The portable apparatus includes camera section, head tracking section, image processor, video codec section and camera controller. The camera section obtains image of object. The head tracking section receives the image from the camera section, detects head area from the image, simulates the head area using model of ellipse, and calculates shape similarity, which represents similarity between the shape of the gradients of pixels at boundary of the ellipse and that of the ellipse, and color histogram similarity between internal area of candidate figure and internal area of the modeling figure. In order to obtain of the position of candidate ellipse of which color histogram similarity has maximum value, mean shift, which requires small amount of calculation with respect to first number of samples in internal area of the candidate ellipse, is used. Image processing section performs image-processing on the image based on quality information of the detected head area. Video codec section performs differential encoding on the detected head area based on the location of the detected head area. The camera controller controls rotation of the camera section on the basis of the location of the detected head area.
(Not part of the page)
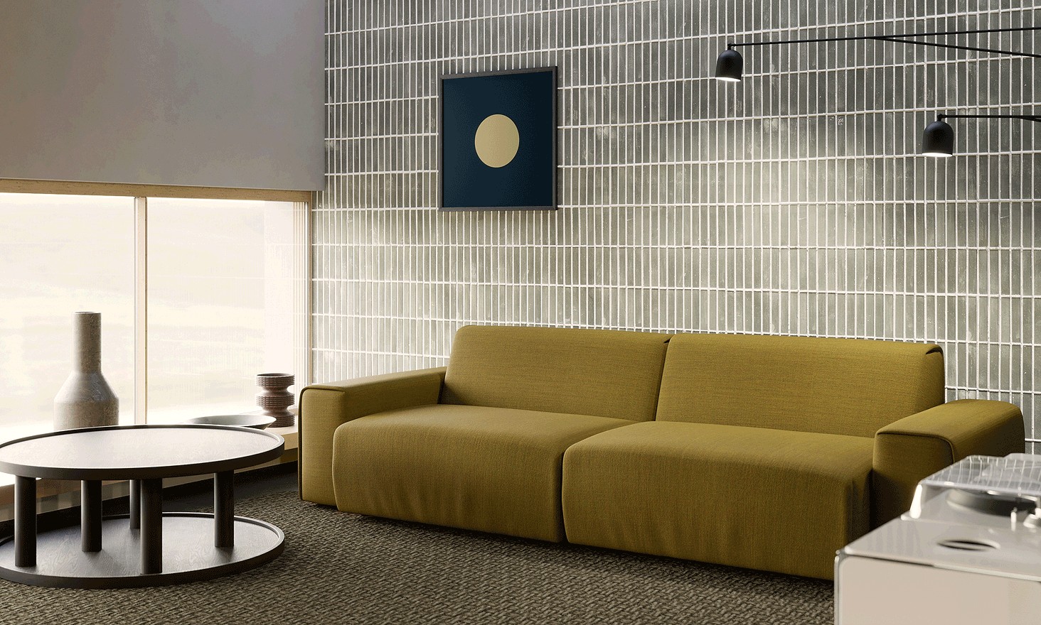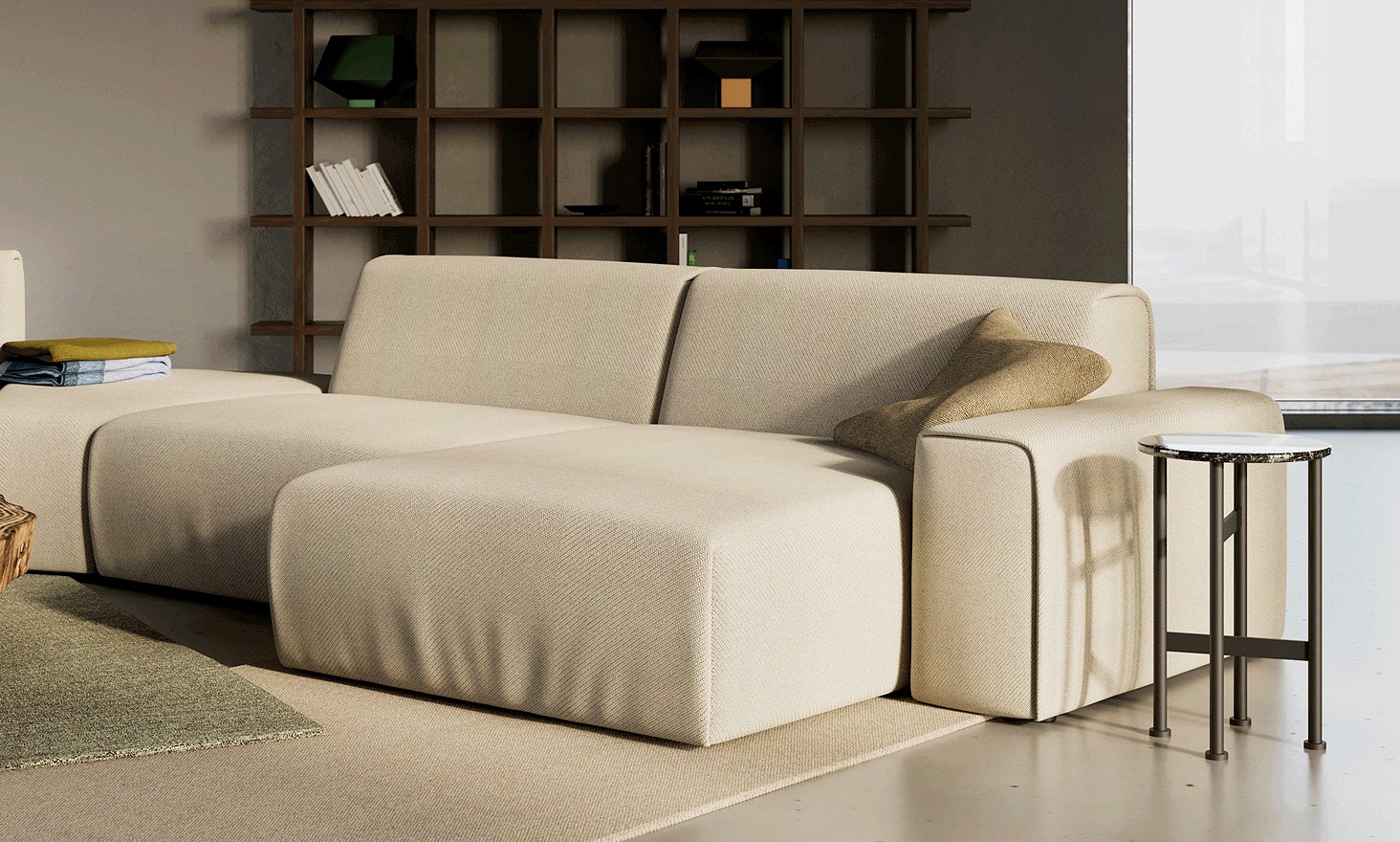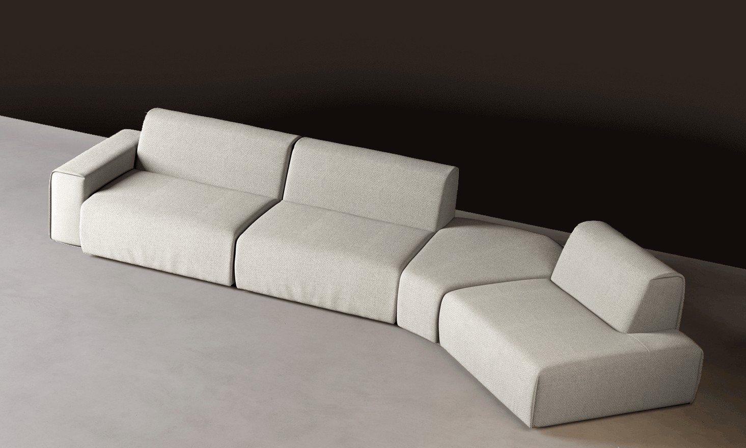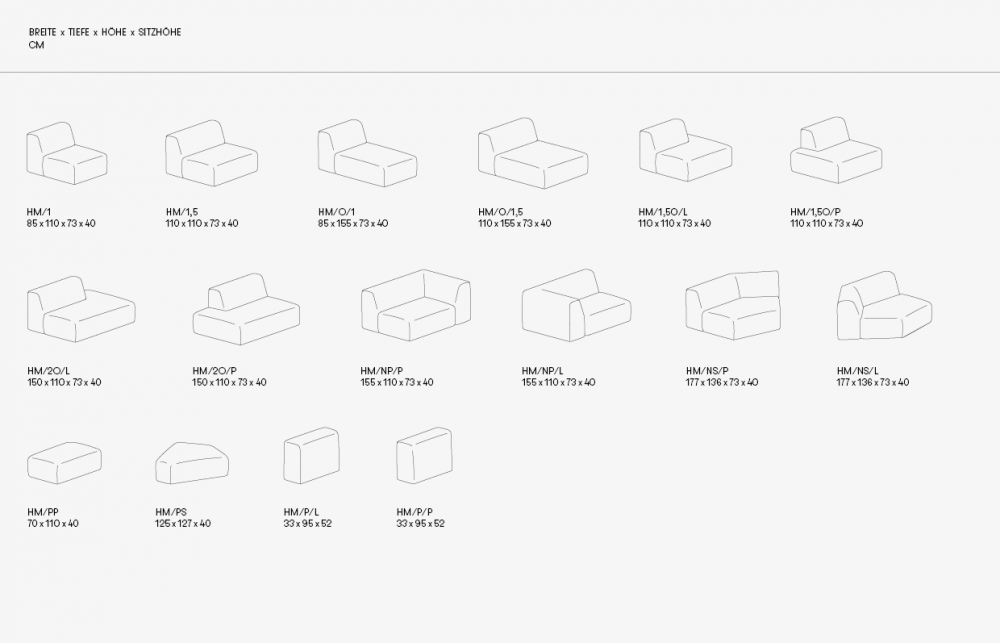 Dank verschiedener Körper können die Sofaelemente an eigene Bedürfnisse und eigenen Raum angepasst werden. Das Set der verfügbaren Sitze ermöglicht es, ein klassisches Ecksofa, ein asymmetrisches Sofa oder unauffällige, geometrisch offene Kompositionen zu erstellen.

Robust head tracking algorithm with small quantity of calculation is modified to be adapted to portable device, the user's head area may be tracked appropriately for the portable device.

Description

TECHNICAL FIELD

Example embodiments of the present invention relates to a portable apparatus, and more particularly to a portable apparatus having an apparatus for tracking object's head using a head tracking algorithm and methods of tracking object's head in the same.

BACKGROUND ART

In image communication, information concerning an object's head area is more important than that of the object's the other area. A user should make an effort to maintain his head at the center of a screen when the image communication is performed or his head is recorded. However, in case that the user moves such as walking or riding a car, etc., it is difficult to maintain his head at the center of the screen.
A conventional portable device having a camera detects the user's head area from images outputted from the camera, and controls rotation of the camera in accordance with the detecting result so that the images outputted from the camera may continuously include the head area.
FIG. 1 is a block diagram illustrating a conventional portable device for controlling rotation of a camera in accordance with detection of user's head area.
Referring to FIG. 1, the portable device includes a camera 1, a video codec section 2, a wireless transmitter 3 and a camera rotation controller 4.
The video codec section 2 performs a motion estimation in a unit of a block on a video signal outputted from the camera 1 for the purpose of encoding operation, detects the location of the user's head using the motion estimation result, and provides the location of the user's head to the camera rotation controller 4. The camera rotation controller 4 controls the camera 1 based on the location of the user's head. The wireless transmitter 3 transmits a video image outputted from the video codec section 2 through an antenna. The video codec section 2 divides the image included in the video signal into a plurality of small blocks, and detects where the blocks corresponding to the user's head area is moved at next position of a screen. Then, the video codec section 2 designates an area corresponding to the moved blocks as a new user's head area.
A user's head area in the initial image should be known so as to apply the above technique. However, in case of real time application such as an image communication using a mobile communication terminal, it is difficult to provide an initial user's head area.
Additionally, since a method of estimating motion in a unit of block uses only similarity in the block, many errors are occurred in case that pixel(s) similar to the pixel(s) of the user's head area exists in a background. This is because the feature, by which the head area may be divided from the other area, of the head area is reduced when the image is divided into the small blocks.
For example, when a user's head exists in a flesh-colored background, location and size of the user's head are detected based on information such as eye, nose, lip, and hair, etc. However, in case that the image is divided into small blocks, it is difficult to distinguish blocks, which has only flesh-color, of a head from the flesh-colored background.
Further, common head tracking algorithms require much quantity of calculation, and so that the common head tracking algorithms are mainly employed in devices using a high-performance processor such as personal computer, etc. Accordingly, it is difficult to apply the common head tracking algorithms to a portable apparatus such as a mobile communication terminal.

DISCLOSURE

[Technical Problem]

It is a first object of the present invention to provide portable apparatuses having a head tracking device employing a robust head tracking algorithm with small quantity of calculation.
In addition, it is a second object of the present invention to provide methods of tracking an object's head in the portable apparatus employing a robust head tracking algorithm with small quantity of calculation.

[Technical Solution]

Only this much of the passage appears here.